_Task directions_
Each line from the opening of the material through the line holding "Harnds Time Folding" needs to be returned exactly, with the pictures left out.

[Data excerpt]

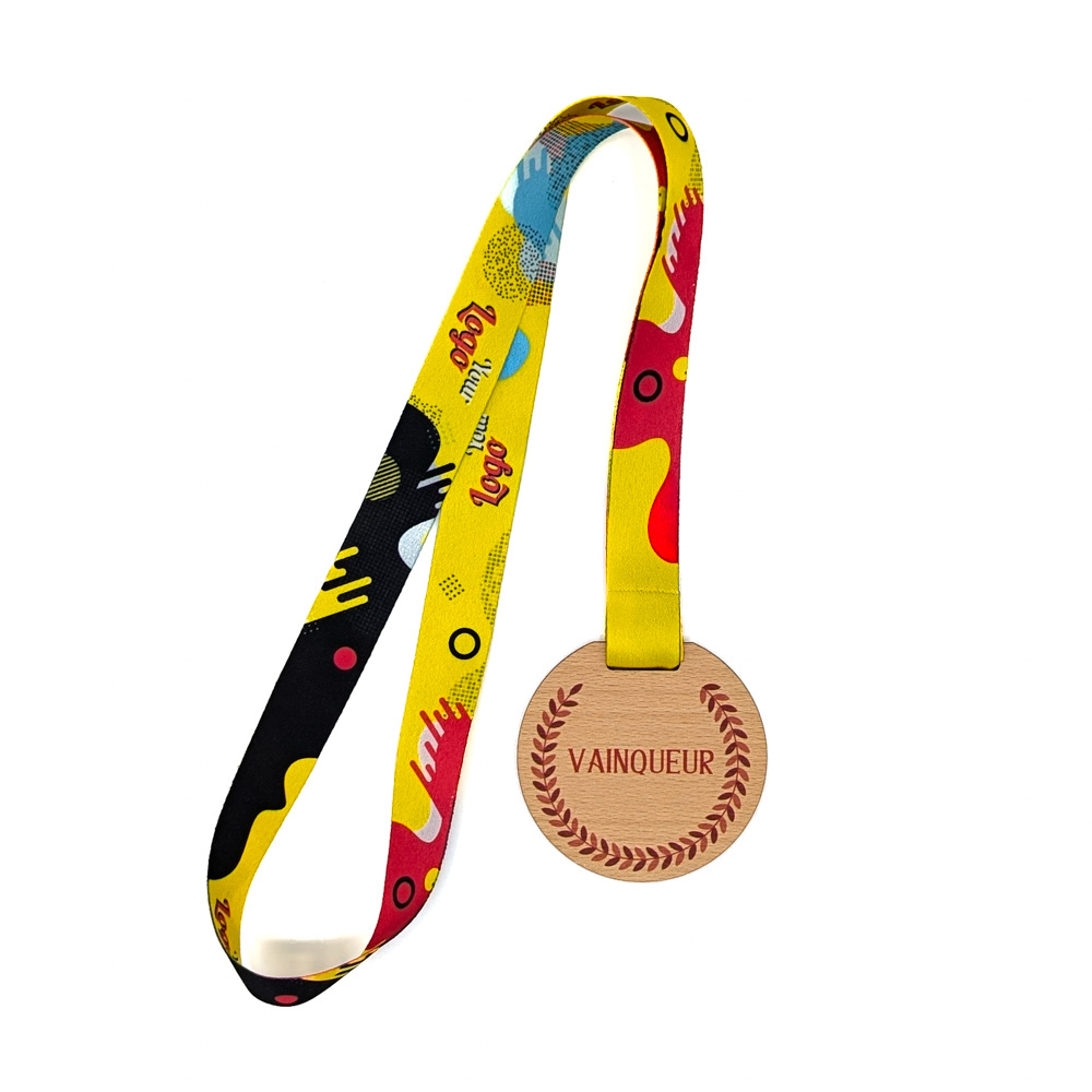 Le tour de cou fourni avec la médaille en bois est fabriqué en RPET, une matière issue du recyclage de bouteilles plastiques. En version non personnalisée, il est proposé avec un fond blanc neutre. Pour une option sur mesure, il peut être personnalisé en sublimation, permettant un fond de couleur intégralement personnalisable. Cette flexibilité en fait un accessoire à la fois responsable et adapté à l’image de l’événement.
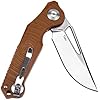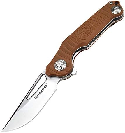Harnds Time Folding Knife with Sandvik 14C28N Steel Blade Pocket Knife with G10 Handle Camping Knife with Pocket Clip (Brown)
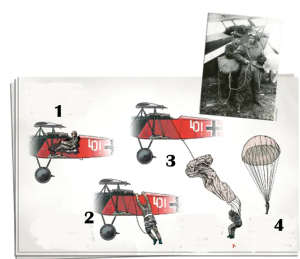 Idea spadochronu była dużo starsza, poważniejsze prace nad masową produkcją rozpoczęły się w epoce rozwoju balonów i sterowców z ich wykorzystaniem militarnym.Spadochrony wykorzystywane w celach ratunkowych dla załóg balonów czy sterowców były wielkie i nieporęczne .Gdy na scenę wojskowości wkroczyły pierwsze samoloty różni wynalazcy zaczęli myśleć nad wynalezieniem spadochronu dla pilotów. Decydenci wojskowi i piloci podchodzili do spadochronów z nieufnością. Ówczesne pierwsze wynalazki były zawodne i nieporęczne. Wielu pilotów zginęło podczas testów czy pokazów z udziałem pierwszych,prototypowych spadochronów. Pierwsze spadochrony były umieszczane poza kabiną pilota, po ich uruchomieniu rozwijająca się czasza spadochronu “wyciągała” pilota z kokpitu na zewnątrz. Konstrukcja samolotów dwupłatowych z tej epoki składała się z wielu linek i drutów w które zaplątywał się często rozwijający się bez kontroli spadochron.

[/Data excerpt]

_Solution for this problem_
 Le tour de cou fourni avec la médaille en bois est fabriqué en RPET, une matière issue du recyclage de bouteilles plastiques. En version non personnalisée, il est proposé avec un fond blanc neutre. Pour une option sur mesure, il peut être personnalisé en sublimation, permettant un fond de couleur intégralement personnalisable. Cette flexibilité en fait un accessoire à la fois responsable et adapté à l’image de l’événement.
Harnds Time Folding Knife with Sandvik 14C28N Steel Blade Pocket Knife with G10 Handle Camping Knife with Pocket Clip (Brown)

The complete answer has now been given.